* [ABOUT THIS EXERCISE]
What is needed is an exact copy of the records below, minus any pictures.

Dataset items:
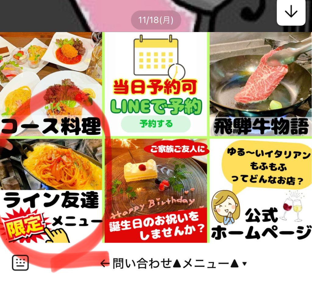 ↓ライン友だち限定メニューを確認して
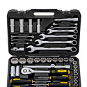 Комплектация- 4 шт.: 1/2" Головки торцевые длинные 6-гранные Super Lock: 10, 13, 17, 19 мм- 18 шт.: 1/2" Головки торцевые 6-гранные Super Lock: 10, 11, 12, 13, 14, 15, 16, 17, 18, 19, 20, 21, 22, 23, 24, 27, 30, 32 мм- 2 шт.: 1/2" Головки свечные магнитные: 16, 21 мм- 1 шт.: 1/2" Трещотка (ключ трещоточный с быстрым сбросом): 45 зубов- 2 шт.: 1/2" Удлинитель: 125, 250 мм- 1 шт.: 1/2" Переходник скользящий- 9 шт.: Ключи комбинированные: 8, 10, 11, 12, 13, 14, 17, 19, 22 мм- 4 шт.: Отвертки:SL (шлиц): 6,5х100, 8х75Ph (крест): 2х75, 2х100- 1 шт.: 1/2" Кардан шарнирный
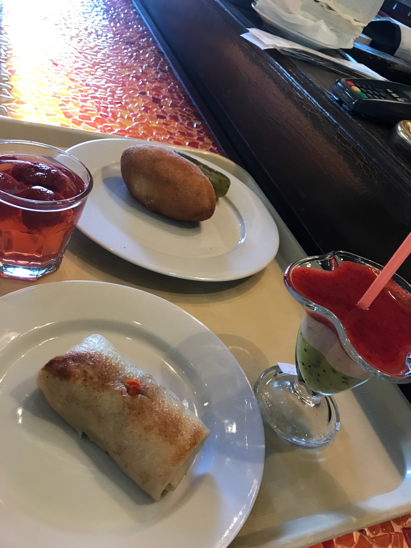 Очень низкое качество еды и формат столовки по цене приличного места. Счёт меньше 500р не бывает. "Фузилли с морепродуктами" оказались просто тарелкой высохших за день макарон, без морепродуктов.
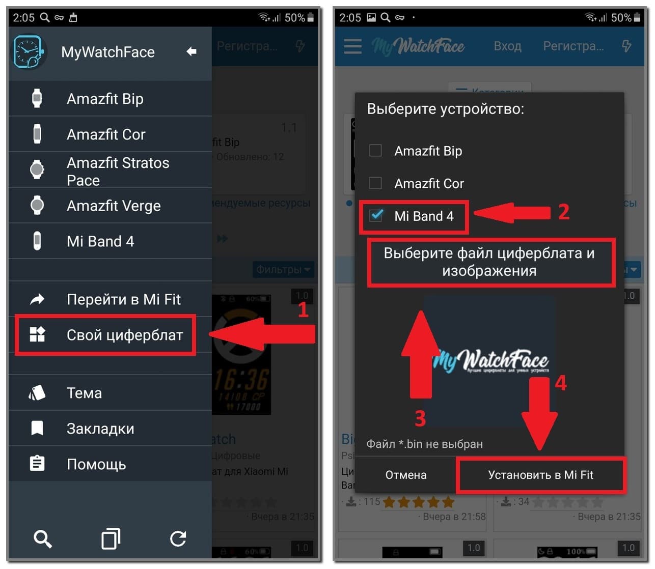 Второй вариант предполагает использование дополнительно программы MyWatchFace. Последовательность действий после скачивания на телефон ее самой, а также файла формата .bin будет следующая:
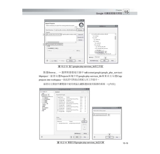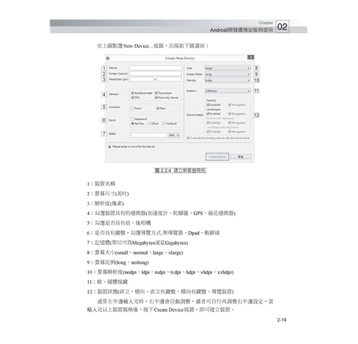 ◎涵蓋開發環境安裝與使用、圖形化介面設計與事件處理、廣播接收器、背景程式、多執行緒、資料儲存、GoogleMap服務應用開發、JSON、XML格式、片段(Fragment)、佈署APK檔、軟體佈建至實體裝置、軟體上架等重要主題
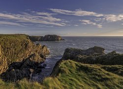 Szkocja, Zamek, Eilean Donan, Jezioro, Most, Drzewa, Zachód słońca, Chmury

* [ANSWER BOX]
 ↓ライン友だち限定メニューを確認して
 Комплектация- 4 шт.: 1/2" Головки торцевые длинные 6-гранные Super Lock: 10, 13, 17, 19 мм- 18 шт.: 1/2" Головки торцевые 6-гранные Super Lock: 10, 11, 12, 13, 14, 15, 16, 17, 18, 19, 20, 21, 22, 23, 24, 27, 30, 32 мм- 2 шт.: 1/2" Головки свечные магнитные: 16, 21 мм- 1 шт.: 1/2" Трещотка (ключ трещоточный с быстрым сбросом): 45 зубов- 2 шт.: 1/2" Удлинитель: 125, 250 мм- 1 шт.: 1/2" Переходник скользящий- 9 шт.: Ключи комбинированные: 8, 10, 11, 12, 13, 14, 17, 19, 22 мм- 4 шт.: Отвертки:SL (шлиц): 6,5х100, 8х75Ph (крест): 2х75, 2х100- 1 шт.: 1/2" Кардан шарнирный
 Очень низкое качество еды и формат столовки по цене приличного места. Счёт меньше 500р не бывает. "Фузилли с морепродуктами" оказались просто тарелкой высохших за день макарон, без морепродуктов.
 Второй вариант предполагает использование дополнительно программы MyWatchFace. Последовательность действий после скачивания на телефон ее самой, а также файла формата .bin будет следующая:
 ◎涵蓋開發環境安裝與使用、圖形化介面設計與事件處理、廣播接收器、背景程式、多執行緒、資料儲存、GoogleMap服務應用開發、JSON、XML格式、片段(Fragment)、佈署APK檔、軟體佈建至實體裝置、軟體上架等重要主題
 Szkocja, Zamek, Eilean Donan, Jezioro, Most, Drzewa, Zachód słońca, Chmury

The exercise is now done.